Your instructions: An exact copy of the lines from the start of the material below through the line containing "วันที่ 11 ม.ค.2569" is the required answer, and it includes no pictures.

━━━━━━━━━━━━━━━━━━━━━━━━━━━━━━

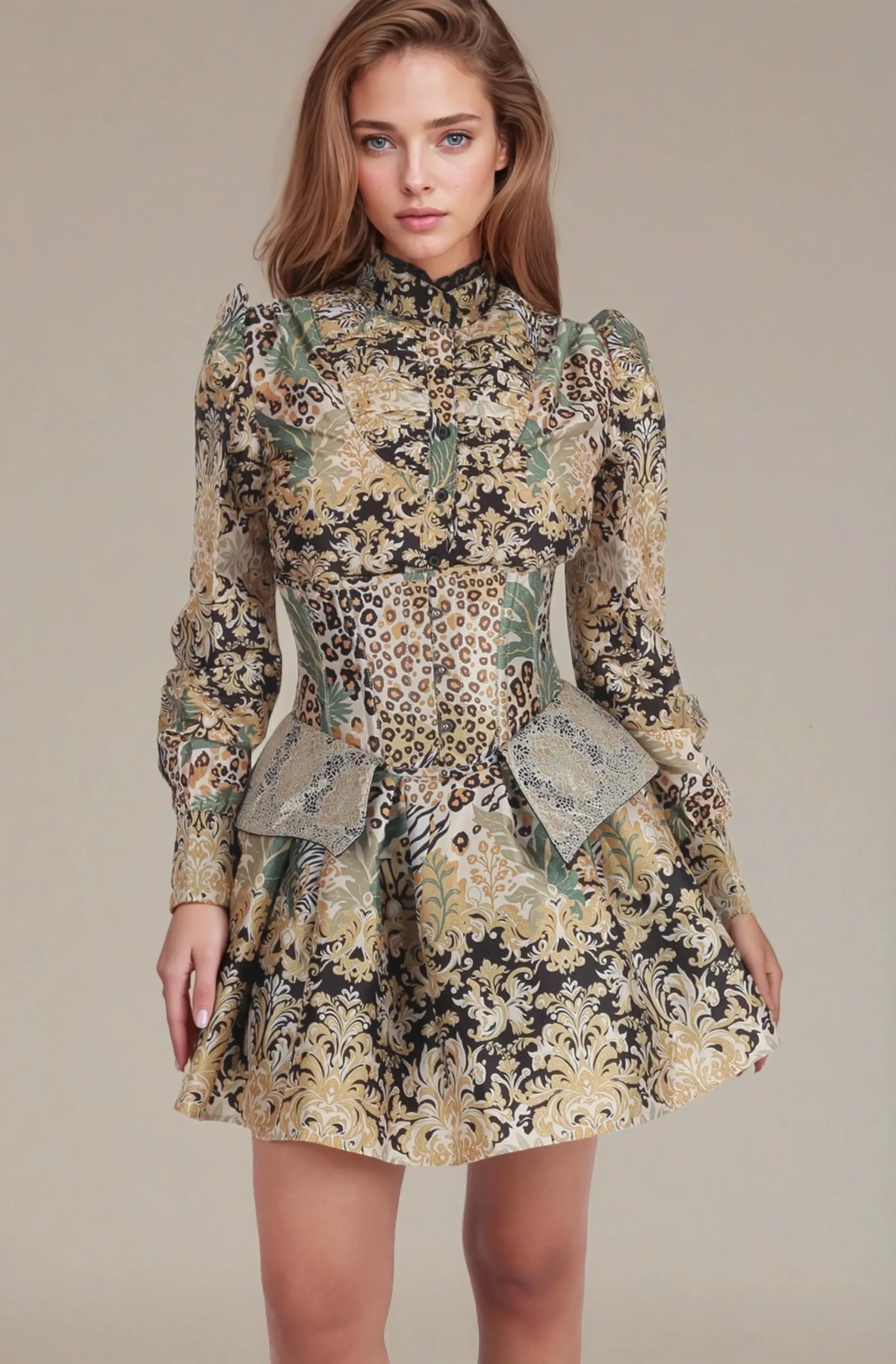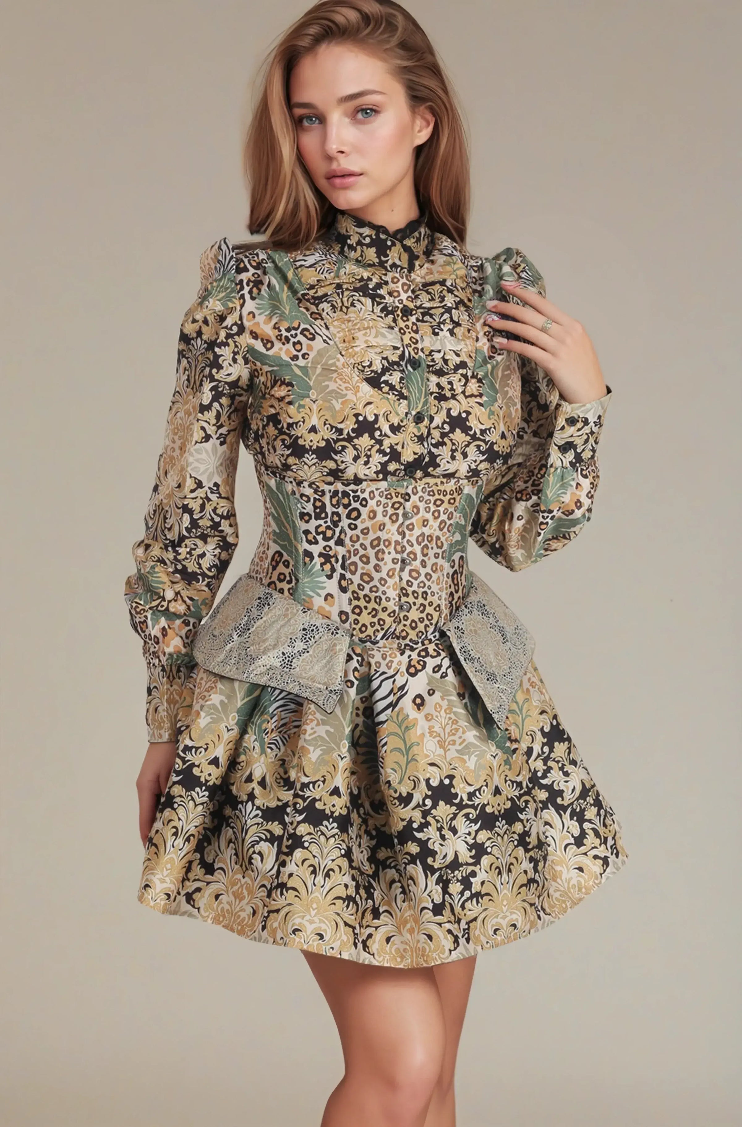 Unleash your wild elegance with our New LUXE NOIR Three-Piece Costume Set in the Safari Luxe Edition. This bold and adventurous design combines exotic leopard prints with opulent golden baroque patterns and lush botanical accents, creating a powerful statement piece that embodies both strength and sophistication.
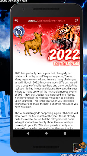 Taurus Horoscope is an easy & cozy horoscope for everyday use. Astrological forecasts and horoscopes for Taurus on Android apps free, developed with love for the Zodiac Sign Taurus by the GotoHoroscope.com
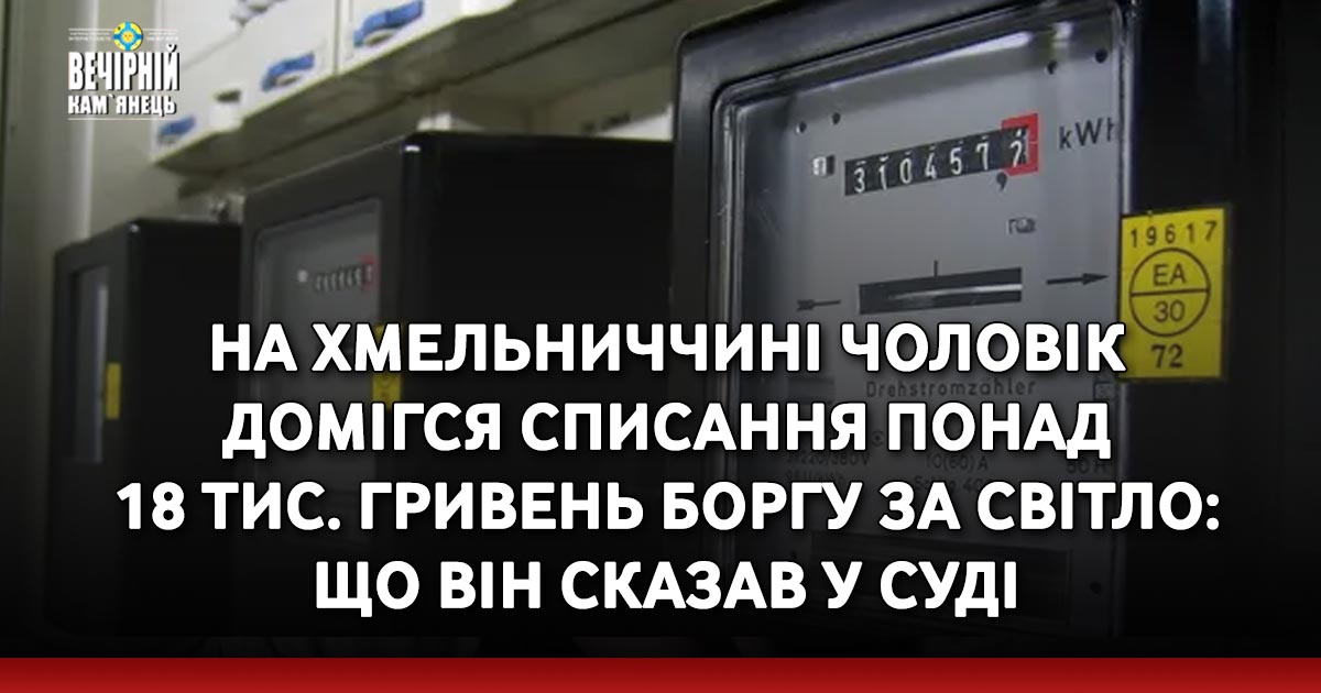 Хмельницький суд зобов’язав "Хмельницькобленерго" і "Хмельницькенергозбут" списати українцю борг за спожиту електроенергію в сумі понад 18 тисяч гривень.
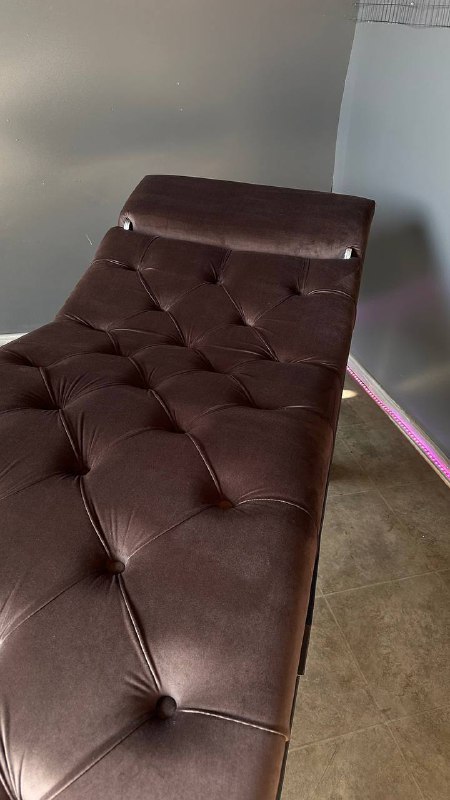 Стильна кушетка у стилі loft з регульованим узголів’ям, каретною прошивкою та оббивкою з коричневого велюру. Ідеальне рішення для салонів краси, студій та сучасних інтер’єрів.
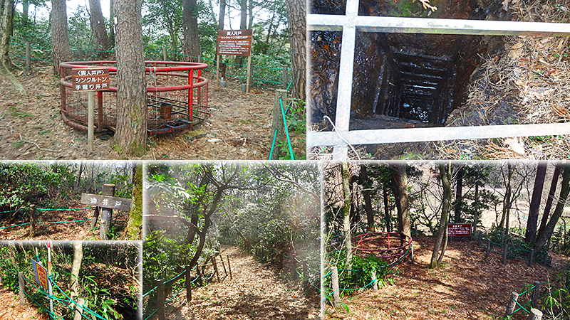 そこから土塁のような小さな尾根の山道を進んでみたら、あちこちに井戸の穴が開いてた。
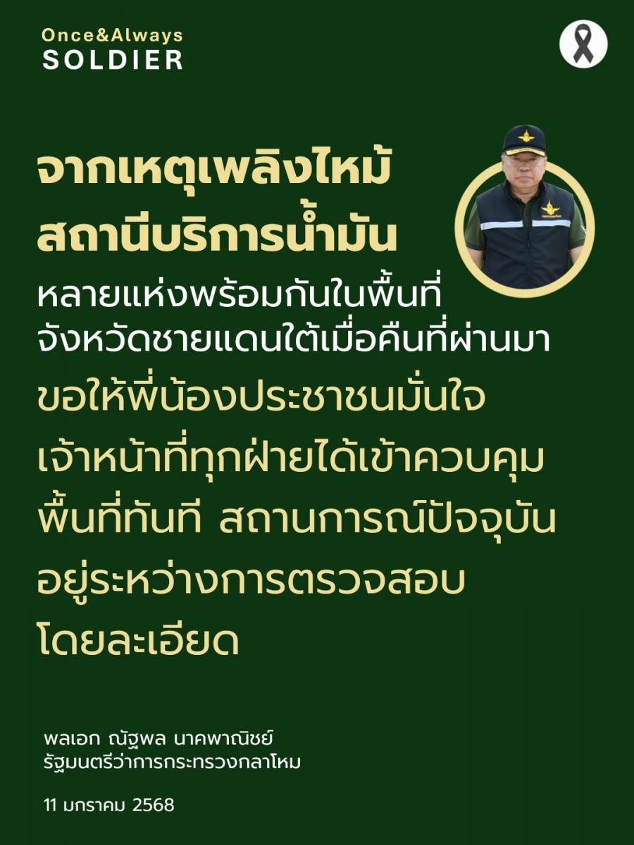 วันที่ 11 ม.ค.2569 จากเหตุคนร้ายลอบวางเพลิงและระเบิดปั๊มน้ำมัน ปตท. หลายจุดในพื้นที่ 3 จังหวัดชายแดนภาคใต้ เมื่อกลางดึกวานนี้ ขณะนี้เจ้าหน้าที่ฝ่ายความมั่นคงได้ทำการปิดกั้นพื้นที่เพื่อความปลอดภัยและเข้าตรวจสอบที่เกิดเหตุอย่างละเอียดเพื่อหาสาเหตุและรวบรวมพยานหลักฐาน
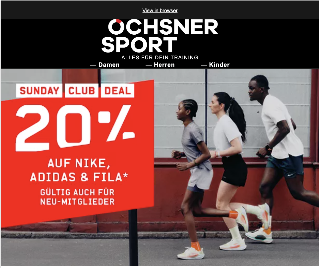 Heute gibt es bei Ochsner Sport 20% AUF NIKE, ADIDAS & FILA.

━━━━━━━━━━━━━━━━━━━━━━━━━━━━━━

Answer space:
 Unleash your wild elegance with our New LUXE NOIR Three-Piece Costume Set in the Safari Luxe Edition. This bold and adventurous design combines exotic leopard prints with opulent golden baroque patterns and lush botanical accents, creating a powerful statement piece that embodies both strength and sophistication.
 Taurus Horoscope is an easy & cozy horoscope for everyday use. Astrological forecasts and horoscopes for Taurus on Android apps free, developed with love for the Zodiac Sign Taurus by the GotoHoroscope.com
 Хмельницький суд зобов’язав "Хмельницькобленерго" і "Хмельницькенергозбут" списати українцю борг за спожиту електроенергію в сумі понад 18 тисяч гривень.
 Стильна кушетка у стилі loft з регульованим узголів’ям, каретною прошивкою та оббивкою з коричневого велюру. Ідеальне рішення для салонів краси, студій та сучасних інтер’єрів.
 そこから土塁のような小さな尾根の山道を進んでみたら、あちこちに井戸の穴が開いてた。
 วันที่ 11 ม.ค.2569 จากเหตุคนร้ายลอบวางเพลิงและระเบิดปั๊มน้ำมัน ปตท. หลายจุดในพื้นที่ 3 จังหวัดชายแดนภาคใต้ เมื่อกลางดึกวานนี้ ขณะนี้เจ้าหน้าที่ฝ่ายความมั่นคงได้ทำการปิดกั้นพื้นที่เพื่อความปลอดภัยและเข้าตรวจสอบที่เกิดเหตุอย่างละเอียดเพื่อหาสาเหตุและรวบรวมพยานหลักฐาน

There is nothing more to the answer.